2017年4月5日水曜日

マハティールの涙(1999.6)

今日のエントリーとは直接関係ありませんが…。マラッカの街角
「マハティールのジレンマ」(林田裕章著/中央公論社)を読み終えて、ここ数日考えていた。読売新聞のシンガポール支局の特派員であった著者の目は、幾分マハティールに批判的である。特に、アジア通貨危機に対して、IMFの支援を受けず、独自路線をとり、それに反対した副首相の首を切るあたりには、開発独裁者としての非民主主義的な手法だと指摘、かなり手厳しい。

IBTの学生たちに聞くと、特にマレー系の学生を中心に今でもマハティールへの信頼と尊敬は大きいようだ。中国系の学生もプミプトラ政策にの評価については口ごもるものの、マハティールが近代国家マレーシアを牽引した実績を十分に認めている。

この本のタイトル、「マハティールのジレンマ」とは何か?それは、イギリスの植民地支配によって、移民としてマレーシアに住み着いた中国系・インド系と、マレー系の格差是正を行うがためにプミプトラ政策を実施し、国民国家マレーシアの経済的基礎を電気・電子工業の発展に託し、大きくGDPを向上させ、その国民経済の発展を持って自らの「権威」を構築したものの、出自であるマレー系の人々の「甘え」も生み出してしまったことだと言えるだろう。

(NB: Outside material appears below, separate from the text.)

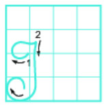 + Bước 1: Đặt bút trên ĐK ngang 3, trước ĐK dọc 2, viết nét cong trái, hơi lượn lên trước khi dừng dưới ĐK ngang 4 và bên phải ĐK dọc 2.

1999年6月、マハティールは、地元ケダ州の教職員集会で来賓として招かれ、「学問的達成の度合いでプミプトラ(マレー系)は遅れている。非マレー系との格差を縮めなければならない。」「ある民族社会は値的習得に懸命なのに、マレー系社会は何も考えなくてよい行動に走っている。」とスピーチしながら落涙した。涙は堰を切ったようにあふれ、ついに嗚咽になり、スピーチを途中でやめて退席してしまう。

これをどう見るか。著者はその政治的背景も含め、冷静に分析しつつ、このように書いている。「このマレー系の学問的達成の度合いが相対的に遅れているというのは、マレーシアの国民にとっては真実以外の何ものでもなかった。真実であると同時に、一般市民が触れてはならないタブー中のタブーでもあった。真実でありタブーであることを公の場で語ることを許されるのは、この国ではマハティールだけである。」

…私には、この「真実」は、過去のものなのか、現在もそうなのか判断がつかない。少なくとも、私の教え子たちは、非マレー系同様に頑張っているからだ。だが、この本に書かれているプミプトラ政策がいつしか終わりを迎えなければならない、というマハティールの想いは、極めて重要だと思う。自らが推進したプミプトラの光と影。この政策が終焉を迎えるとき、マレーシアは、真の国民国家そして先進国になっているのではないか、などと私は考えたのだ。こういう思索の機会を得れたことに感謝したいと思う。